In 1923 Pat Burns exchanged the building for the Glengarry Ranch.

==Original use==
The ground level provided retail space for Burns' retail meat market. The 130 ft long market hall featured twelve 25 ft high Doric marble columns. Burns leased out the remaining 35000 sqft of office space to a wide variety of tenants. Historian Hugh Dempsey wrote, "the list of businesses which occupied the Patrick Burns Building…reads like a corporate Who's Who." Calgary Power, Alberta Investment and Insurance Brokers, Rocky Mountain Cement and a variety of dentists, doctors, lawyers, realtors, insurance agents and accountants were among the first tenants.

==Architecture==

The building was built in the style of Edwardian Classical. The exterior features Lions' heads and other ornamental mouldings sculptured in the surface of the terracotta. Inside white and green Italian marble was used to finish the main stairways and corridors. The building included modern conveniences like steam heating and ventilation. In addition to electricity, each office was equipped with natural gas lighting.

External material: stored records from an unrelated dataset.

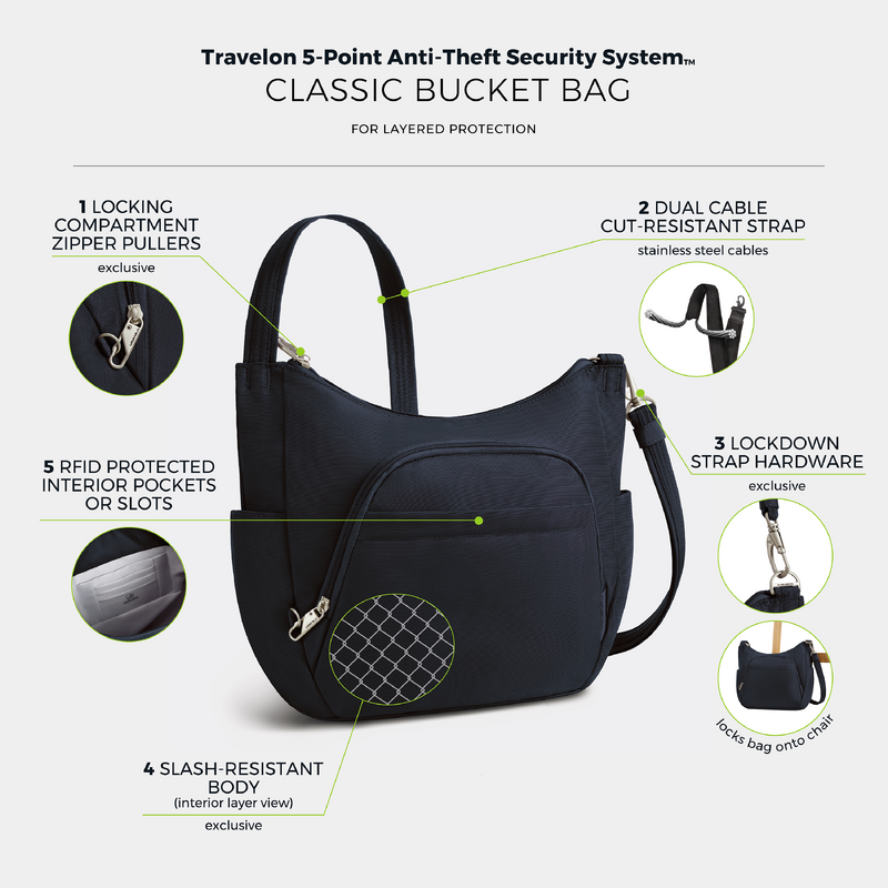Main features of the Travelon Classic Anti-Theft Crossbody Bucket Bag include:
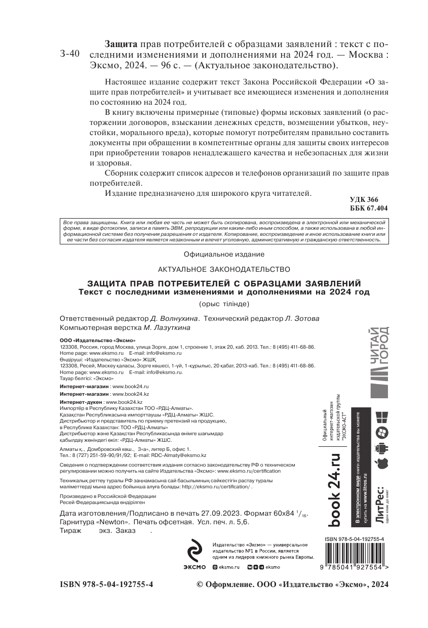 Защита прав потребителей с образцами заявлений. В ред. на 2024 год (без автора); ООО "Издательство "Эксмо", 2023
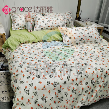 洁丽雅(grace)床上四件套被套床单被子四季通用单人宿舍床三四件套网红款 恋爱味道 1.8米床【1床单+1被套+2枕套】
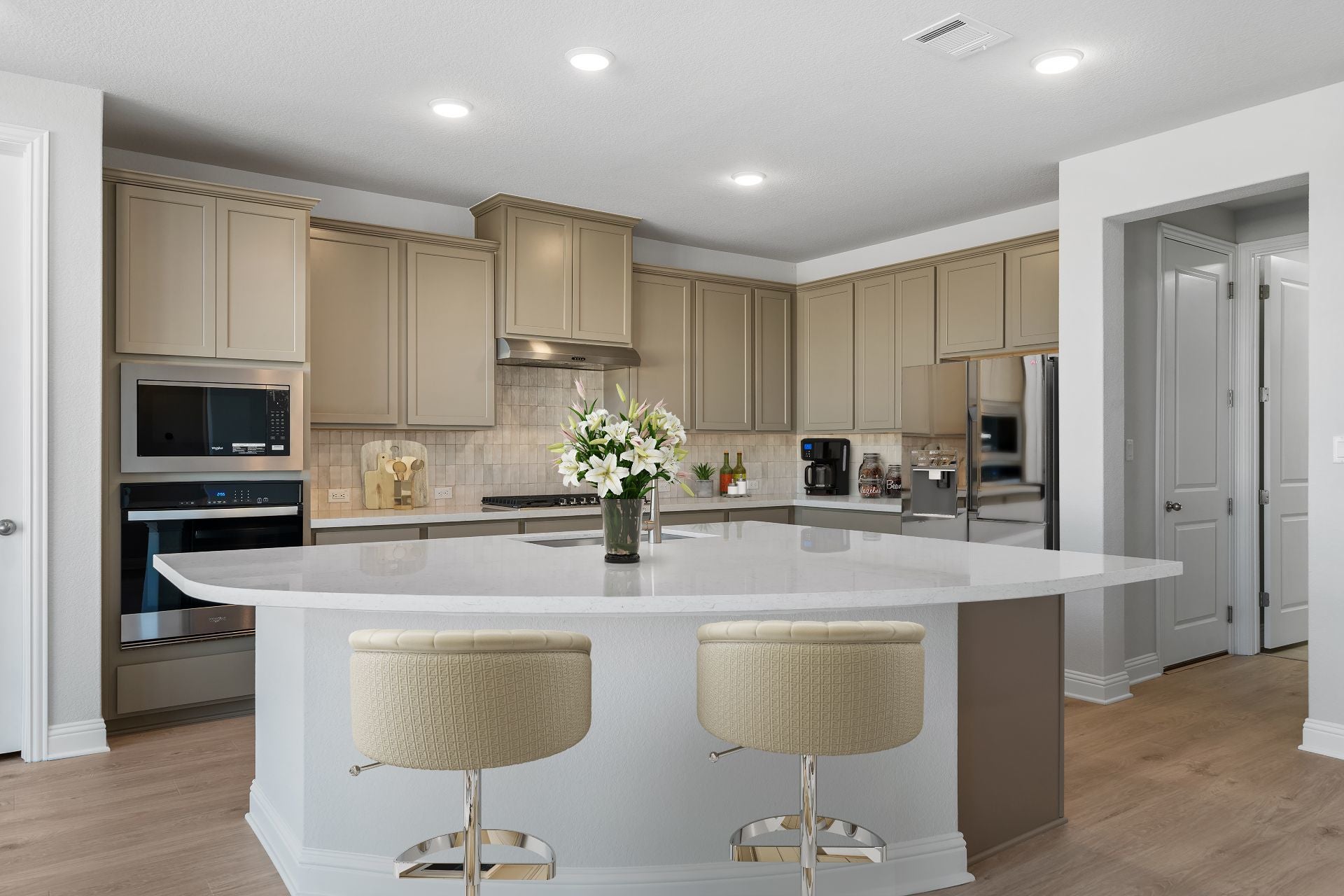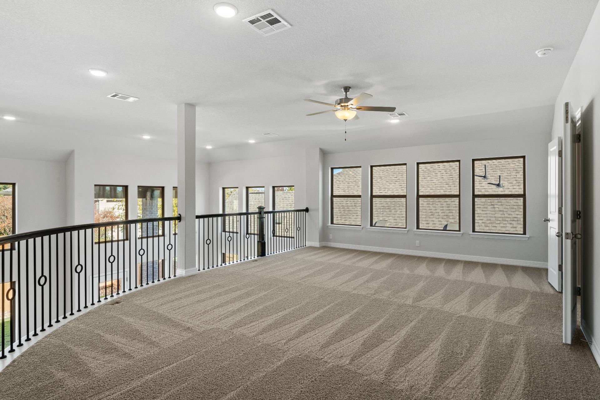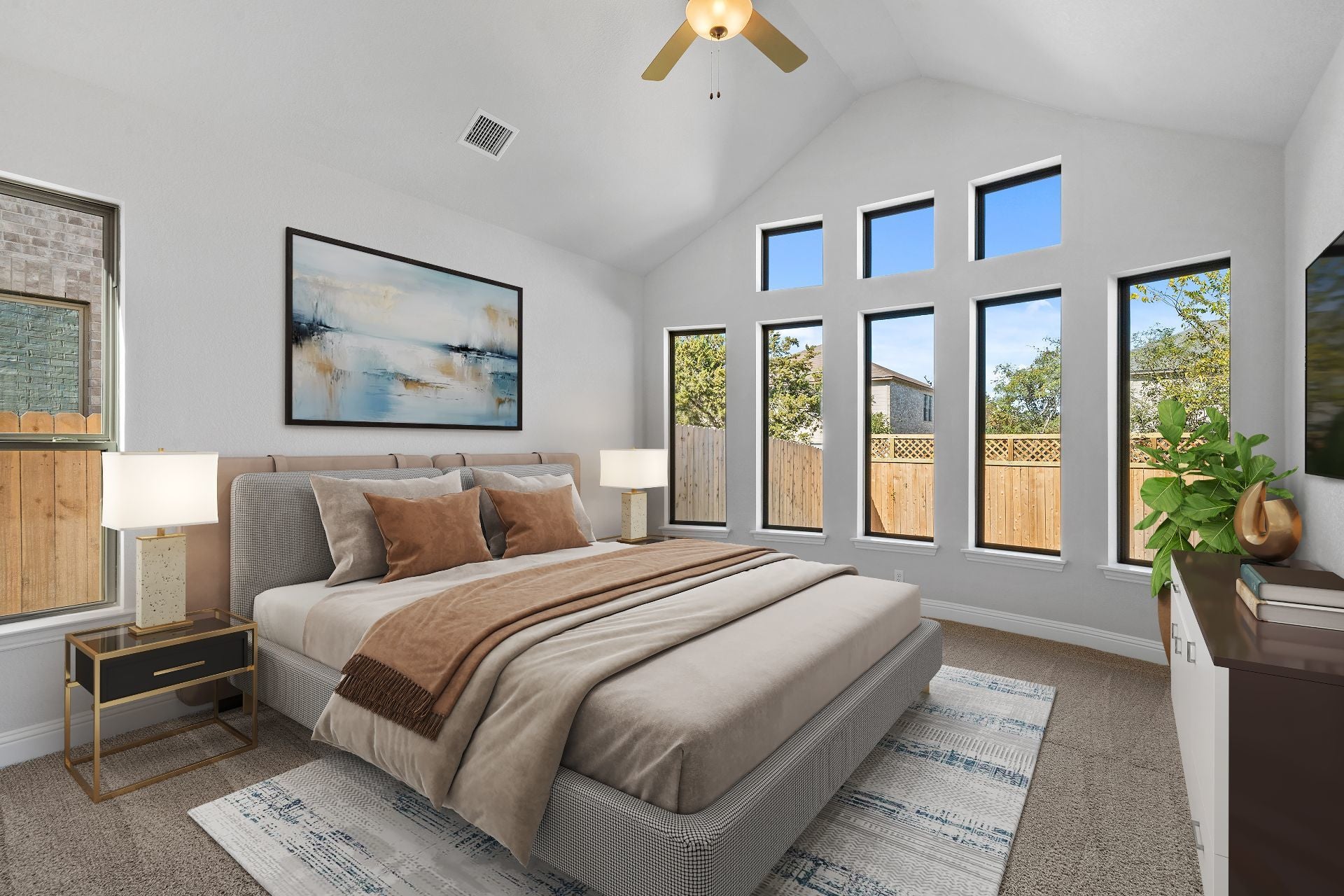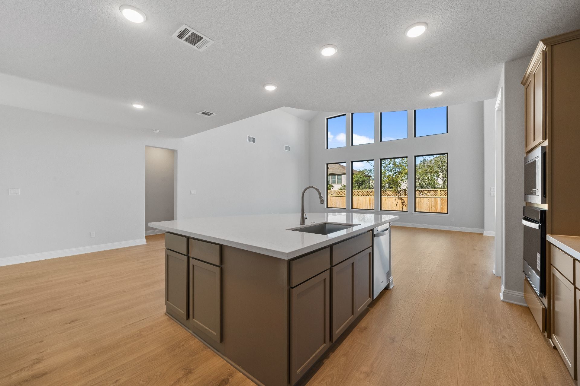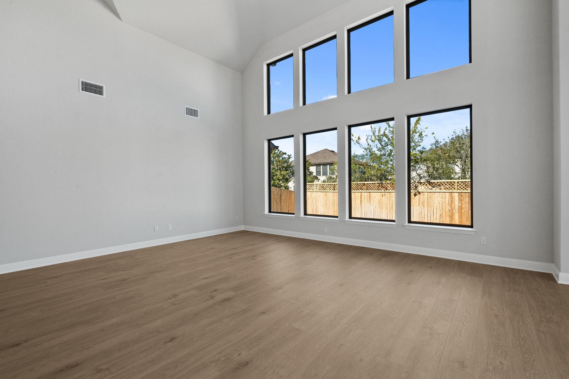 New Coventry Home! 1717 Sauterne Drive offers the most natural light and wide-open family room concept of any of the Coventry Homes plan designs. Located in Carneros Ranch, one of the only communities in Leander without a PID or MUD tax, this showstopper shines in spaciousness and beauty! The true heart of this home shines as you enter the front door. You will find gigantic ceilings, walls of windows, upgraded RevWood floors, iron balusters, stunning cabinetry, dazzling quartz tops, a gourmet kitchen, a large kitchen island, and 8-foot doors that add luxury to every detail. Comfort and convenience are priorities with an added mudset primary shower with seat, an oversized shower in the downstairs private guest suite, pre-plumbing for a future water softener, as well as pre-wiring for a future car charger. You will not be able to miss the enormous 17-foot-tall covered patio that is equipped with a gas connection and plenty of space for relaxing. This Winters home is finished to impress, so schedule your tour before someone else does! ** Ask us about our low interest rates & special financing! Visit Onsite for details – subject to change without notice. **

Between 1981 and 1984 the building underwent extensive renovations designed by architects A.J. Diamond and Partners with Carruthers and McCullum.

==Historic status==
Around 1980 the demolition of the Burns building became a possibility when it was proposed that the property it sat on was needed for the construction of the Calgary Centre for the Performing Arts. In a June 1980 report the situation was clearly outlined. "Our [the city's] urban planning consultants (Hanen and Moriyama) have recommended that two heritage buildings in this block be preserved, namely the Calgary Public Building and the Burns Building. At the time of the recommendation it was thought possible to fit the necessary concert halls and theatres in and around the two old buildings. A more detailed study by the architects for the performing arts group [Stevenson Raines] and their theatre consultants has indicated that while this can be done, a better result can be achieved if the land under the Burns Building were to be available for performing arts purposes." Ultimately the demolition proposal was defeated by one City Council vote. The Burns Building, like the Public Building was saved and incorporated into the design of Performing Arts Centre.

In 1987 it was officially designated a Provincial Heritage Resource.